Figure 2 Analysis of genetic structure in the DH and hybrid panels. (A) the principal component analysis for the DH panel. (B) the principal component analysis for the hybrid panel. (C) Linkage disequilibrium decay in the two populations.
3.3 Genome wide association study
Three GWAS processes were performed using the FarmCPU method, including additive GWAS in the DH panel, additive GWAS in the hybrid panel and dominant GWAS in the hybrid panel. The quantile–quantile (q–q) plot implied that the population structure and family relatedness were well controlled in the three GWAS jobs (Figures 3B, D, F). One SNP (AX-107958879) on chromosome 10 significantly associated with the SCRRC trait was identified at P< 1.47 × 10−6 in the DH panel, with effect value was -0.25 (Figure 3A and Table 3). LD analysis suggested candidate region was 1,150,363–3,990,150 bp, which overlapped the previously reported gene RPPC or RPPK (Supplementary Figure 1). For the additive GWAS in hybrids, three significant SNPs (AX-90698604, AX-108029030, AX-108089672) were detected, with -log10 (P) ranging from 6.30 to 40.61. These SNPs were distributed on chromosomes 1, 8 and 10, with the candidate regions Chr1: 181,330,348-188,255,567, Chr8: 13,140,413-18,429,572, Chr10: 2,656,837-4,990,741, respectively (Figure 3C and Table 3). The effects of them were 0.24, 0.22 and -0.54. For dominant GWAS in the hybrid panel, three SNPs (AX-107981937, AX-108109448, AX-108089672) on chromosomes 7, 8 and 10 significantly associated, with -log10 (P) were ranged 7.17-37.12, the effects were -0.16, 0.14 and -0.5 (Figure 3E and Table 3). Their candidate regions were suggested as Chr7: 13,581,102-23,774,017, Chr8: 167,766,262-168,856,337, Chr10: 2,656,837-4,990,741. The QTL on chromosome 10 obtained by the three GWAS processes were identified as the same region using LD analysis (Supplementary Figure 1).

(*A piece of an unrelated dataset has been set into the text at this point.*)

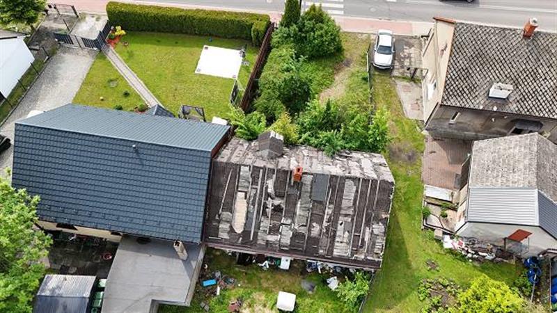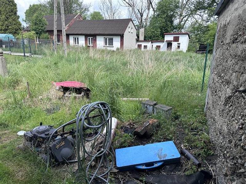 Nieruchomość składa się z działki nr 3425 o powierzchni 94 m2, działki nr 613/2 o powierzchni 3a 54m2, działki nr 3427 o powierzchni 6a 69m2. Działka nr 3425 zabudowana budynkiem mieszkalnym jednorodzinnym w zabudowie wolnostojącej,płaska, kształt foremny, regularny zbliżony do prostokąta. Działka nie przylega do drogi publicznej i nie posiada do niej prawnie zapewnionego dostępu. Budynek nie jest ujawniony na mapie zasadniczej. Budynek mieszkalny-Powierzchnia użytkowa: 56,8 m2 . Budynek mieszkalny jednorodzinny w zabudowie wolnostojącej o konstrukcji mieszanej, częściowo murowany z cegły oraz częściowo o konstrukcji drewnianej z bali, składający się z parteru oraz strychu i częściowego podpiwniczenia. Obiekt kryty dachem dwuspadowym, nieocieplony oraz nieszczelny. Elewacja częściowo ocieplona oraz obłożona suchym tynkiem. Budynek podzielony jest na 2 osobne lokale mieszkalne posiadające osobne wejścia. Do jednego lokalu dostęp od południowej strony budynku a do drugiego lokalu dostęp od północnej strony budynku.Podstawowe elementy konstrukcyjne. Fundamenty: murowane.Ściany: murowane z cegły oraz drewniane z bali, Stropy: sklepienie Kleina oraz drewniane belkowe. Dach: dwuspadowy o konstrukcji drewnianej z lukarną. Elementy wykończenia wnętrz:Ściany: ściany malowane farbami emulsyjnymi, częściowo obłożone flizami, płytkami oraz cegłą ozdobną, miejscami ubytki w tynku, ściany zawilgocone z widocznym zagrzybieniem, Sufity: częściowo obłożone deskami, panelami, płytami GK, miejscami wykonany stelaż pod sufit podwieszany, zawilgocone z widocznym zagrzybieniem. Stolarka okienna: stolarka okienna PCV. Stolarka drzwiowa: płytowa częściowo z przeszkleniem. Podłogi i posadzki: częściowo panele podłogowe, częściowo drewniana – zbutwiała, częściowo flizy, wykładziny oraz brak wykończeń posadzek. Elewacja i roboty zewnętrzne: Elewacja: częściowo ocieplona i częściowo obłożona suchym tynkiem. Pokrycie dachu: papa nieszczelna. Rynny i rury spustowe: PCV. Komin: murowany z cegły. Instalacje: instalacje elektryczna, instalacja wodociągowa, instalacja kanalizacyjna, CW z pieców typu koza i elektryczne. Stan techniczny: do remontu generalnego. Standard użytkowy: do remontu generalnego z uwagi na nieszczelny dach, zawilgocone ściany oraz podłogi, widoczne zagrzybienie. Aktualne użytkowanie: budynek niezamieszkały, w stanie do remontu generalnego. Działka nr 613/2 o regularnym kształcie, niezabudowana, o znacznym spadku terenu w kierunku północnym oraz ze skarpą, położona w dalszej linii zabudowy do ul. Zwycięstwa, nie posiada dostępu do drogi publicznej, zieleń samoistna, trawy, drzewa, krzewy. Działka nr 3427 o nieregularnym i nieforemnym kształcie, płaska, niezabudowana, położona w dalszej linii zabudowy do ul. Zwycięstwa, nie posiada dostępu do drogi publicznej. zieleń samoistna, trawy, drzewa liściaste, iglaste, krzewy,częściowe ogrodzenie – siatka stalowa rozpięta między stalowymi słupkami.Dojazd: działki nie posiadają prawnie zapewnionego dostępu do drogi publicznej oraz nie przylegają bezpośrednio do drogi publicznej oraz nie są ujawnione żadne prawa i służebności dojazdu w w/w KW.Uzbrojenie: zgodnie z mapą zasadniczą działka nr 3425 nie jest przyłączona do żadnej sieci uzbrojenia. W trakcie oględzin nieruchomości stwierdzono, że do budynku doprowadzona jest sieć elektroenergetyczna oraz woda i kanalizacja. Przez działkę ew. nr 3427 przebiegają sieci: gazowa, elektroenergetyczna, kanalizacyjna, ciepłownicza. Działka ew. nr 613/2 jest nieuzbrojona.

Figure 3 Genome-wide association study Manhattan and quantile–quantile (q–q) plots for Southern Corn Rust (SCR) resistance. (A, C, E) Manhattan plots for SCR resistance in additive GWAS in DH panel, additive and dominant GWAS in hybrid panel, respectively. the dashed line corresponds to the threshold level defined at P = 1.47 × 10−6 by a false discovery rate correction method. (B, D, F) q–q plot for SCR resistance in additive GWAS in DH panel, additive and dominant GWAS in hybrid panel, respectively.
3.4 Genomic prediction with the different marker density, and training population size
The effect of marker density and training population size on the GP accuracy is shown in Figure 4. For marker density, the prediction accuracy increased as the number of markers increased. The prediction accuracy increased rapidly when the number of markers increased from 10 to 5,000. Then, the prediction accuracy increased slightly when the number of markers kept increasing. For training population size, prediction accuracy increased as the size increased, and no slowdown in the growth rate was observed.
Figure 4 Genomic prediction study in hybrid panel with different SNP numbers (A) and training population size (B) for Southern Corn Rust (SCR) resistance.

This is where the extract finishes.